Assignment: An exact transcription of all the records below is required, without any images.

==== Recorded data ====

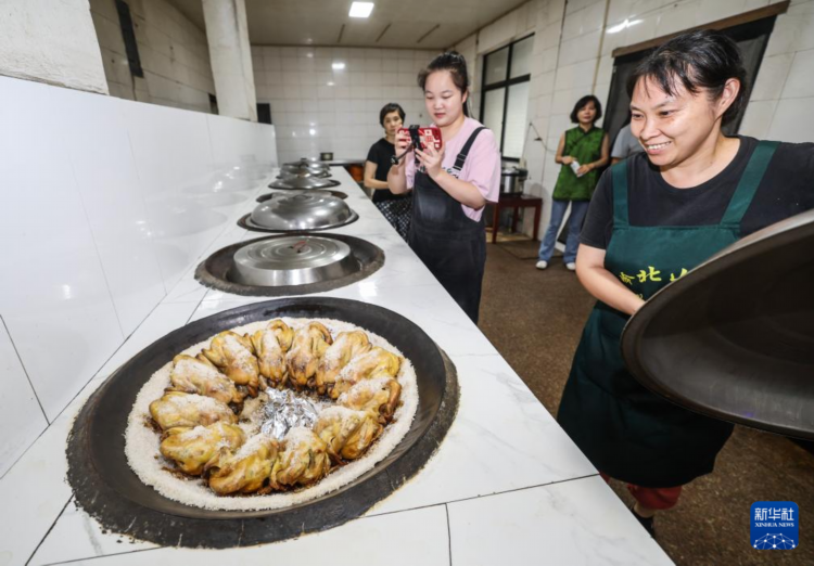 9月19日,在诸暨市岭北镇岭北山庄的厨房里,工作人员查看刚刚烹制完成的盐焗鸡,这也是山庄的主打特色菜。
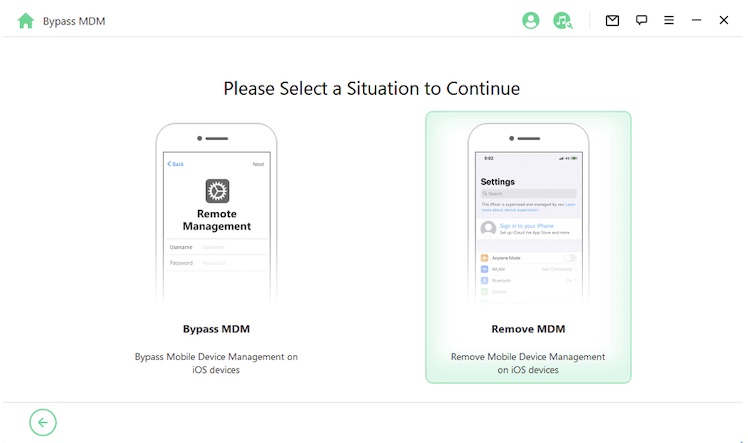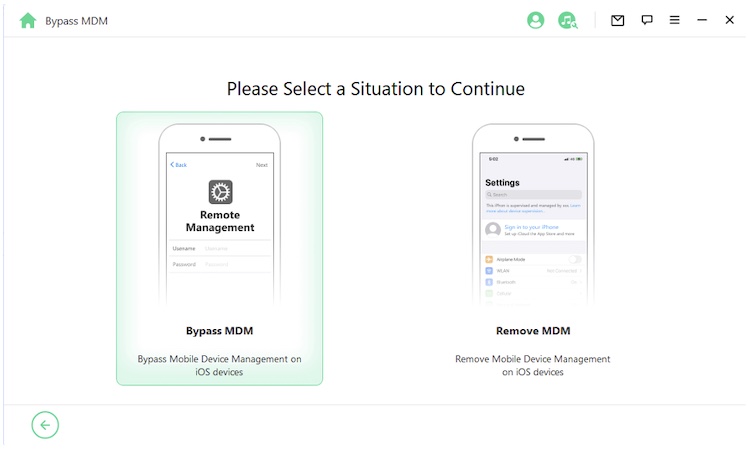 Schritt 2: Wenn Euer Gerät aus dem MDM-Sperrbildschirm ausgesperrt ist, tippt auf „MDM umgehen“ -> „Umgehung starten“. Dadurch wird der Umgehungsvorgang gestartet. Vergewissert Euch, dass Euer Gerät auf dem MDM-Sperrbildschirm verbleibt. iDelock wird das MDM auf Eurem Gerät sofort umgehen.
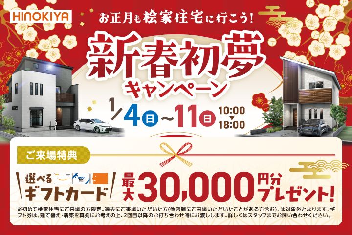 日程 1月4日(日)~31日(土) 新春初夢キャンペーン 開催! 1月4日(日)〜11日(日)までの期間限定で「新春初夢キャンペーン」を開催いたします! 先着50組様限定で福袋のお渡しや、お菓子詰め放題など、 ご家族で安心して楽しめる企画をご用意しております☆モデルハウス見学とあわせてお正月ならではの特典をお受け取りいただけます。ぜひこの機会に桧家住宅の住まいをご体感ください。 新春初夢キャンペーン企画!最大200万円分 選べるオプションプレゼント! 1月31日(土)までにご契約いただいたお客様限定で、人気オプションを最大200万円分プレゼントする特別企画も同時開催!【限定5組】 TVボード、バルコニー、キッチン、洗面化粧台、フラット対面キッチンなど、暮らしをグレードアップする多彩な商品からお選びいただけます。 そして桧家といえばZ空調! Z空調は、家中どこでも快適な温度を保てる桧家住宅の全館空調システム。 なんと、24時間365日、家全体を快適な温度に保ちます! そして桧家住宅は全館空調シェアNo,1の第一人者です。 電気代も安い! 「家中の空調をつけっぱなしにしたら電気代は高いでしょ」 そんなみなさんの心の声が聞こえてきます。 しかしZ空調は電気代も安いんです! その秘密は桧家住宅の高気密・高断熱の構造にあります。 簡単に言えば、家のいたる所で熱が伝わりづらく、隙間が少ないように工夫を凝らすことで、 家全体が水筒のように熱を逃さないようにしています! 賃貸アパートは利益追求のため基本的に機密性や断熱性が低いですし、 昔の住宅もそこまで気にされておりませんでした。 つまり、大体の方の今現在の電気代よりも安くなります! 24時間つけっぱなしでも、月々の電気代が安くなるお家 気になりませんか? こちらが実際の電気代です。 Z空調こんな人におすすめ! 家づくりの参考に、まずは体感から始めましょう! 実際の涼しさ、体感できます ただいま桧家住宅のモデルハウスでは、実際にZ空調を体感していただけます。 さらに!モデルハウスは全てリアルサイズで、 さまざまなテイストの内装を一度にご覧いただきます。 ジャパニーズモダンスタイル ニューヨークビンテージスタイル シックモダンスタイル ご来場お待ちしております! 桧家住宅 高知【高新住宅総合展示場ライム内】 ご来場特典:選べるギフトカード30,000円分プレゼント! 【ご来場プレゼント進呈条件】 〈初回来場特典(1万円分)〉 ・はじめて弊社主催のイベントまたは店舗へご来場される方 ※過去にご来場いただいた方(他店舗含む)は対象外となります。 ・入居予定の成人の方が全員ご来場いただくこと ・事前の内容確認のお電話にご対応いただける方 ・弊社対応エリア内で、1年以内にお家づくりをご検討されている方 ※2回目のお打ち合わせの際にお渡しいたします。 〈平日のお打ち合わせ特典(1万円分)〉 ・平日にお打ち合わせを実施された方 〈お施主様邸見学特典(1万円分)〉 ・お施主様邸の見学案内をされて、実際に見学をされた方 ※来場特典は【身分証をご提示いただいた方】が対象となります。あらかじめご了承ください。 ※全ての条件を満たし、施工可能エリアにて真剣にお家づくりをご検討されていると、当社スタッフが判断した方限定の特典となります。 【キャンペーンに関する注意事項】 弊社主催の他イベントおよびキャンペーンの来場特典との併用は不可となります。 詳しくはスタッフまでお問合せください。 お子様連れの方もご安心ください! モデルハウスには、安心してご見学いただけるようキッズスペースをご用意しております。 お子様が楽しく遊んでいる間に、ゆっくりと家づくりのご相談が可能です。 ご家族そろって、ぜひお気軽にお越しください! 皆様のご予約・ご来場、心より心よりお待ちしております!
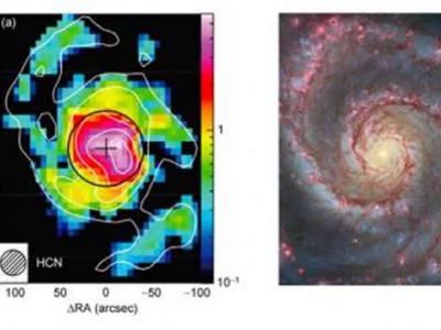 左: M51星系盘上致密分子气体分布; 右: 哈勃太空望远镜观测的M51星系盘上的恒星分...
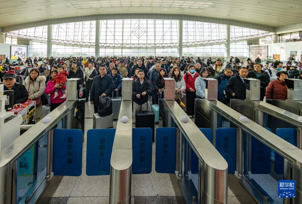 2月23日,旅客在铁路浙江嘉兴南站检票乘车。
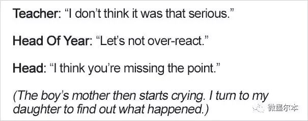 当这位妈妈走进办公室里时,发现不仅她的女儿和老师在,甚至教导主任和校长都一脸严肃的坐在那儿,还有一个鼻子旁边都是血的男孩儿,和一对应该是男孩儿父母的夫妇。
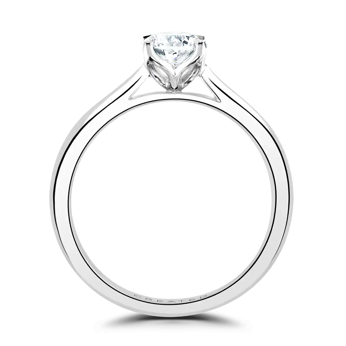 Timeless diamond engagement ring featuring a four-claw floral bloom setting and a 1ct bright white D/E colour oval cut laboratory grown diamond. Handcrafted in the UK, shown here in platinum.

====

Output for this exercise:
 9月19日,在诸暨市岭北镇岭北山庄的厨房里,工作人员查看刚刚烹制完成的盐焗鸡,这也是山庄的主打特色菜。
 Schritt 2: Wenn Euer Gerät aus dem MDM-Sperrbildschirm ausgesperrt ist, tippt auf „MDM umgehen“ -> „Umgehung starten“. Dadurch wird der Umgehungsvorgang gestartet. Vergewissert Euch, dass Euer Gerät auf dem MDM-Sperrbildschirm verbleibt. iDelock wird das MDM auf Eurem Gerät sofort umgehen.
 日程 1月4日(日)~31日(土) 新春初夢キャンペーン 開催! 1月4日(日)〜11日(日)までの期間限定で「新春初夢キャンペーン」を開催いたします! 先着50組様限定で福袋のお渡しや、お菓子詰め放題など、 ご家族で安心して楽しめる企画をご用意しております☆モデルハウス見学とあわせてお正月ならではの特典をお受け取りいただけます。ぜひこの機会に桧家住宅の住まいをご体感ください。 新春初夢キャンペーン企画!最大200万円分 選べるオプションプレゼント! 1月31日(土)までにご契約いただいたお客様限定で、人気オプションを最大200万円分プレゼントする特別企画も同時開催!【限定5組】 TVボード、バルコニー、キッチン、洗面化粧台、フラット対面キッチンなど、暮らしをグレードアップする多彩な商品からお選びいただけます。 そして桧家といえばZ空調! Z空調は、家中どこでも快適な温度を保てる桧家住宅の全館空調システム。 なんと、24時間365日、家全体を快適な温度に保ちます! そして桧家住宅は全館空調シェアNo,1の第一人者です。 電気代も安い! 「家中の空調をつけっぱなしにしたら電気代は高いでしょ」 そんなみなさんの心の声が聞こえてきます。 しかしZ空調は電気代も安いんです! その秘密は桧家住宅の高気密・高断熱の構造にあります。 簡単に言えば、家のいたる所で熱が伝わりづらく、隙間が少ないように工夫を凝らすことで、 家全体が水筒のように熱を逃さないようにしています! 賃貸アパートは利益追求のため基本的に機密性や断熱性が低いですし、 昔の住宅もそこまで気にされておりませんでした。 つまり、大体の方の今現在の電気代よりも安くなります! 24時間つけっぱなしでも、月々の電気代が安くなるお家 気になりませんか? こちらが実際の電気代です。 Z空調こんな人におすすめ! 家づくりの参考に、まずは体感から始めましょう! 実際の涼しさ、体感できます ただいま桧家住宅のモデルハウスでは、実際にZ空調を体感していただけます。 さらに!モデルハウスは全てリアルサイズで、 さまざまなテイストの内装を一度にご覧いただきます。 ジャパニーズモダンスタイル ニューヨークビンテージスタイル シックモダンスタイル ご来場お待ちしております! 桧家住宅 高知【高新住宅総合展示場ライム内】 ご来場特典:選べるギフトカード30,000円分プレゼント! 【ご来場プレゼント進呈条件】 〈初回来場特典(1万円分)〉 ・はじめて弊社主催のイベントまたは店舗へご来場される方 ※過去にご来場いただいた方(他店舗含む)は対象外となります。 ・入居予定の成人の方が全員ご来場いただくこと ・事前の内容確認のお電話にご対応いただける方 ・弊社対応エリア内で、1年以内にお家づくりをご検討されている方 ※2回目のお打ち合わせの際にお渡しいたします。 〈平日のお打ち合わせ特典(1万円分)〉 ・平日にお打ち合わせを実施された方 〈お施主様邸見学特典(1万円分)〉 ・お施主様邸の見学案内をされて、実際に見学をされた方 ※来場特典は【身分証をご提示いただいた方】が対象となります。あらかじめご了承ください。 ※全ての条件を満たし、施工可能エリアにて真剣にお家づくりをご検討されていると、当社スタッフが判断した方限定の特典となります。 【キャンペーンに関する注意事項】 弊社主催の他イベントおよびキャンペーンの来場特典との併用は不可となります。 詳しくはスタッフまでお問合せください。 お子様連れの方もご安心ください! モデルハウスには、安心してご見学いただけるようキッズスペースをご用意しております。 お子様が楽しく遊んでいる間に、ゆっくりと家づくりのご相談が可能です。 ご家族そろって、ぜひお気軽にお越しください! 皆様のご予約・ご来場、心より心よりお待ちしております!
 左: M51星系盘上致密分子气体分布; 右: 哈勃太空望远镜观测的M51星系盘上的恒星分...
 2月23日,旅客在铁路浙江嘉兴南站检票乘车。
 当这位妈妈走进办公室里时,发现不仅她的女儿和老师在,甚至教导主任和校长都一脸严肃的坐在那儿,还有一个鼻子旁边都是血的男孩儿,和一对应该是男孩儿父母的夫妇。
 Timeless diamond engagement ring featuring a four-claw floral bloom setting and a 1ct bright white D/E colour oval cut laboratory grown diamond. Handcrafted in the UK, shown here in platinum.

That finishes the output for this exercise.